The underwater sequence is an instant Mission: Impossible classic (Image credit: Paramount)

Mercifully, things take a turn for the action-packed about halfway through, when Ethan jumps into the Bering Sea in search of that aforementioned Russian submarine. It’s here that we’re introduced to Captain Bledsoe, played with scene-stealing aplomb by Severance star Tramell Tillman, and the first of two outrageously gripping stunts gets underway.

If you’ve seen any of The Final Reckoning’s trailers or posters, you’ll know that the biplane sequence – shot at 8,000 feet in 140mph winds with no CGI – is being framed as the film’s centerpiece, and while it’s undeniably impressive, the earlier submarine sequence is arguably the bigger highlight. Here, McQuarrie and Cruise use a combination of digital effects and practical wizardry to simulate the inside of a missile-filled submarine at the bottom of the ocean, and the sense of scale and jeopardy the pair achieve is staggering.
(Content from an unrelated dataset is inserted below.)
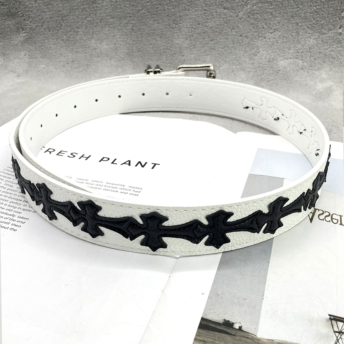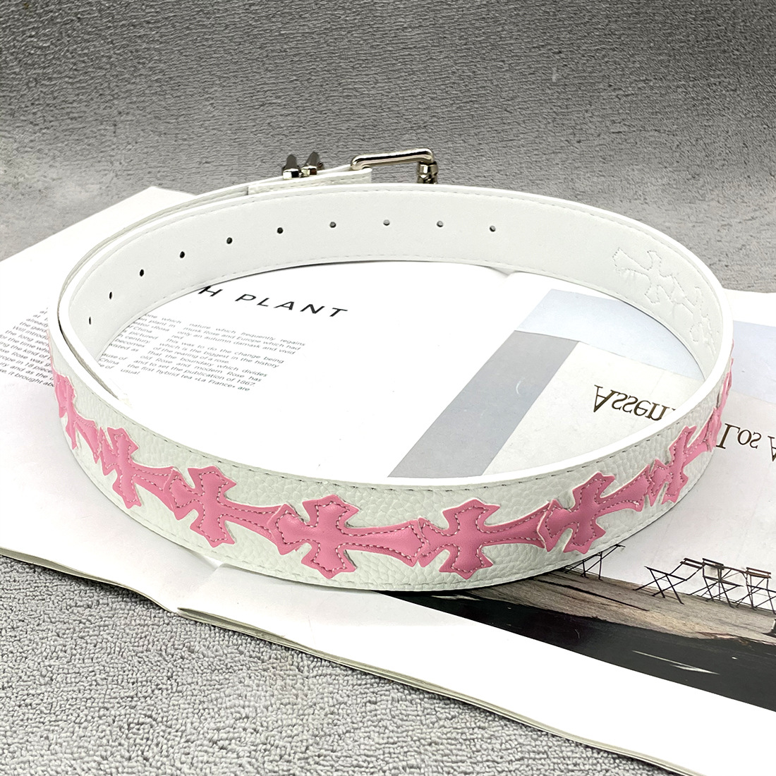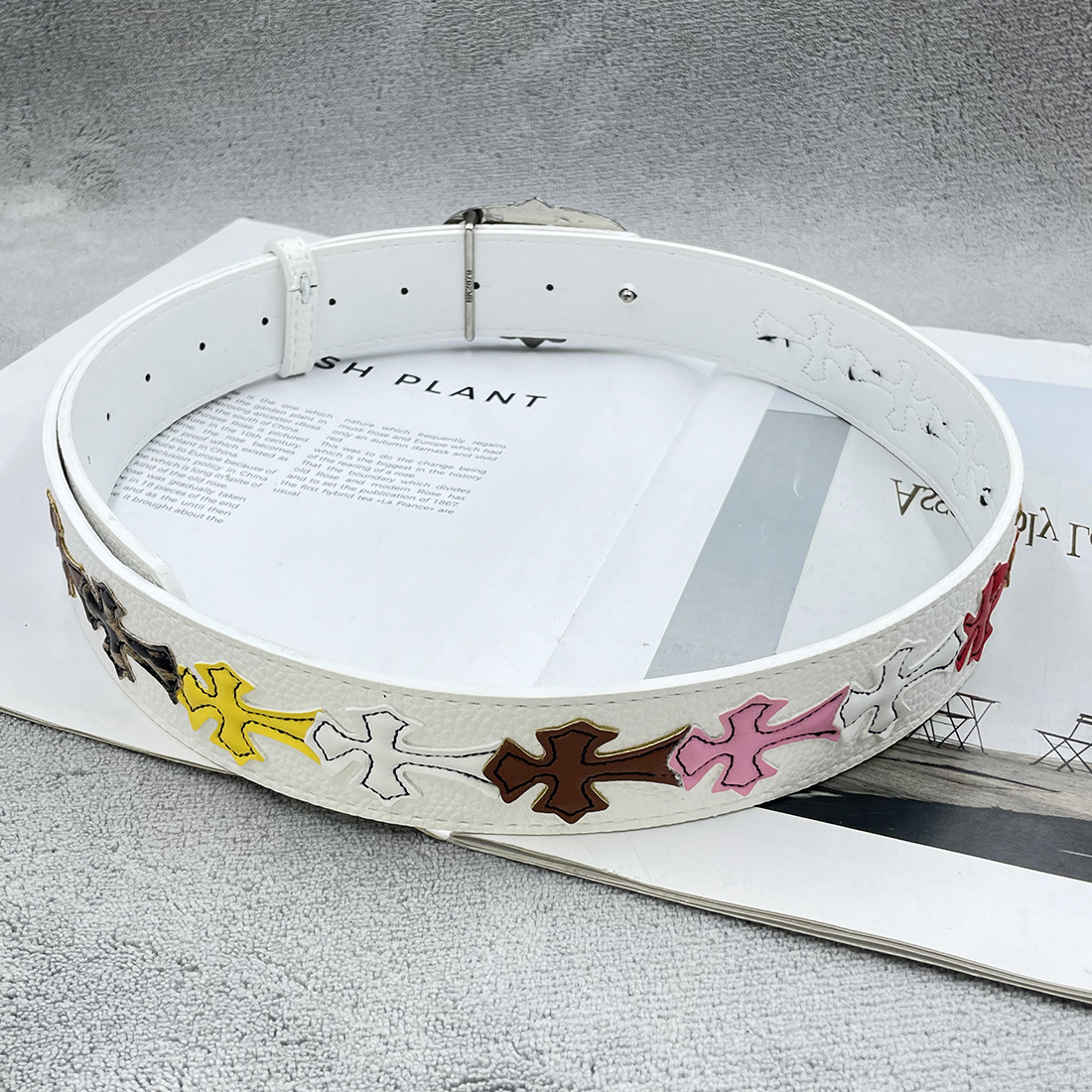 다채로운 크로스 가죽 꽃 CH 바늘 버클 가죽 자수 벨트 남성 롤러 중공 덩굴 벨트 여성 스타 화이트

Watching Cruise dodge nuclear warheads under life-threatening amounts of pressure will have you, too, feeling like you’re trapped on the ocean floor, especially if you experience this ordeal in the expanded aspect ratio afforded by IMAX.

Quite frankly, The Final Reckoning is saved by its two major set-pieces. They bring a much-needed injection of excitement to an otherwise drawn-out disaster story, and while the film as a whole could do with more action and less situation-room drama, these stunts will remind you why you paid the ticket price. Nobody is doing it like Tom Cruise, and this eighth and potentially final entry in the Mission: Impossible franchise – for all its many shortcomings – hammers home that truth and then some. Cue the theme music!


Mission: Impossible – The Final Reckoning arrives in theaters and IMAX on May 21 (UK) and May 23 (internationally).